BASF investe US$ 4 milhões em fundo administrado pela SP Ventures

O AgVentures II visa às startups de tecnologia latino-americanas do setor agrícola e de alimentos

As áreas de atuação do fundo brasileiro AgVentures II incluem soluções de software para a agricultura - Foto: Divulgação

A BASF Venture Capital é um dos maiores investidores na primeira rodada de captação de recursos do fundo brasileiro AgVentures II, alocando US$ 4 milhões. O fundo é administrado pela SP Ventures, com sede em São Paulo (SP), e visa às startups de tecnologia latino-americanas do setor agrícola e de alimentos, chamado AgFood.

O fundo pretende apoiar de 20 a 25 startups com atividade na América Latina. Além da BASF, há outros investidores estratégicos, agências e bancos de desenvolvimento internacional e family offices. Para a BASF Venture Capital, este representa o primeiro investimento no Brasil.

Conforme comunicado do BASF, a agricultura é um dos principais pilares da economia brasileira, mas, ainda assim, os produtores rurais enfrentam desafios peculiares, devido às condições climáticas específicas, durante as duas a três safras por ano que são possíveis no Brasil.

Dentre esses desafios estão a maior proliferação de pragas e doenças, além de diferentes condições do solo.

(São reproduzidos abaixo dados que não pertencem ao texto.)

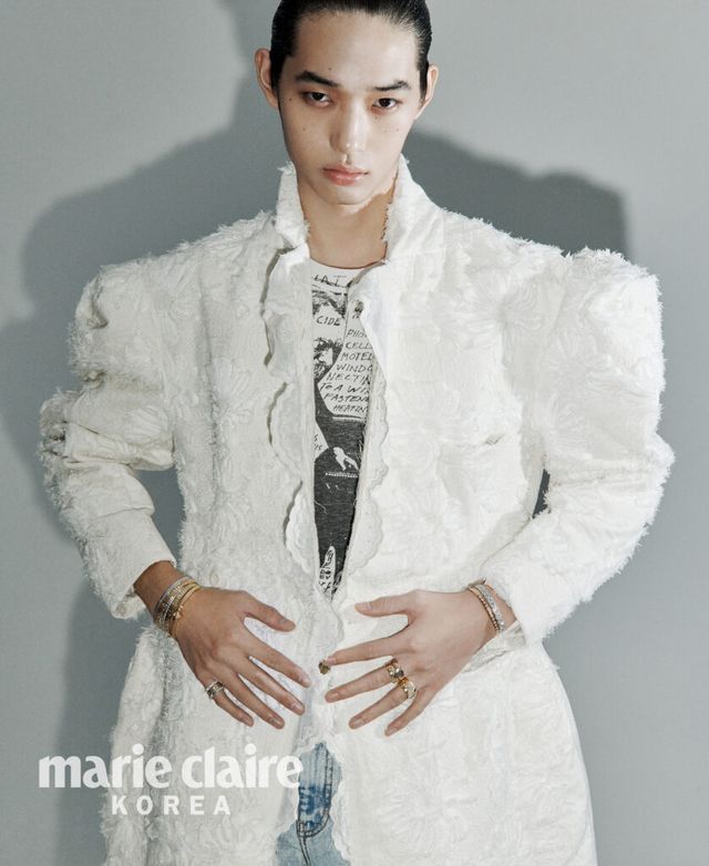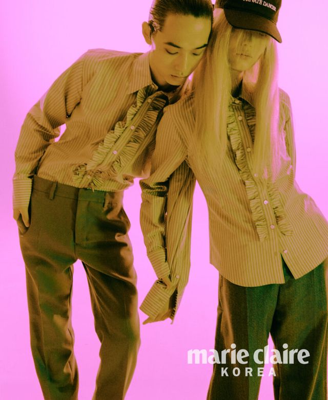 헝웨이가 입은 러플 셔츠, 팬츠 모두

Segundo a companhia, o número de empresas que trabalham com tecnologias ou modelos de negócio adequados às condições agronômicas específicas da região aumentou consideravelmente nos últimos dois anos. Ao mesmo tempo, o setor de AgTechs se tornou um dos mais importantes para os fundos de investimento em startups no Brasil. Atualmente, o fundo AgVentures II é o único que se concentra, exclusivamente, em tecnologias para agricultura e alimentos.

Os desafios da agricultura na região e, portanto, o foco deste fundo incluem: fatores de produção agrícola, gestão de negócios, agricultura de precisão, softwares e gestão da pecuária; tecnologias para indústria alimentícia como novos ingredientes e proteínas à base de plantas; e soluções para a cadeia de suprimentos, considerando segurança alimentar e rastreabilidade, logística e processamento. O setor emergente de serviços financeiros baseado em tecnologia e focado no agronegócio também será um alvo importante.

“A cooperação entre os nossos negócios e as startups se tornou um importante impulsionador da inovação para os clientes, assim como de crescimento para a BASF na América do Sul. Demos um passo importante com o lançamento do AgroStart, um programa de aceleração que já registrou 420 startups no setor de AgTech desde 2016. O investimento da BASF Venture Capital no fundo AgVentures II nos dará a oportunidade de aumentar a nossa participação neste ambiente dinâmico, inovador e colaborativo, que pode gerar soluções valiosas para o setor”, diz Manfredo Rübens, presidente da BASF América do Sul.

Com o investimento no Fundo AgVentures II, a BASF Venture Capital dá um importante passo na direção do apoio às atividades do segmento de Soluções para a Agricultura da BASF. “A partir deste investimento, buscamos apoiar startups promissoras e as áreas de negócios da BASF. Como investidores do AgVentures II, estamos assentando as bases para as nossas próprias atividades futuras de investimento direto no Brasil e na América Latina”, afirma Markus Solibieda, diretor-geral da BASF Venture Capital.

Além de fornecer suporte financeiro e técnico, a BASF também planeja colaborar e compartilhar conhecimento, além de insights sobre o mercado com os negócios disruptivos da rede da SP Ventures. “A BASF é um investidor âncora único que fará da SP Ventures um investidor financeiro ainda melhor”, disse Francisco Jardim, diretor-geral da SP Ventures.

“Como parceira em nossa rede e com sua posição de destaque na região, a BASF passará credibilidade institucional para toda a economia do agronegócio no Brasil. A partir do acesso à expertise técnica e seu conhecimento de mercado, também poderemos tomar decisões de investimento mais qualificadas. Além disso, os ativos operacionais da empresa são apropriados para agregar valor ao portfólio do fundo. Assim como a BASF, as AgTechs – que também contam com investidores de startups e são parte de nosso portfólio – se beneficiarão mutuamente com o compartilhamento da informação e com as sinergias estratégicas”, completa Solibieda.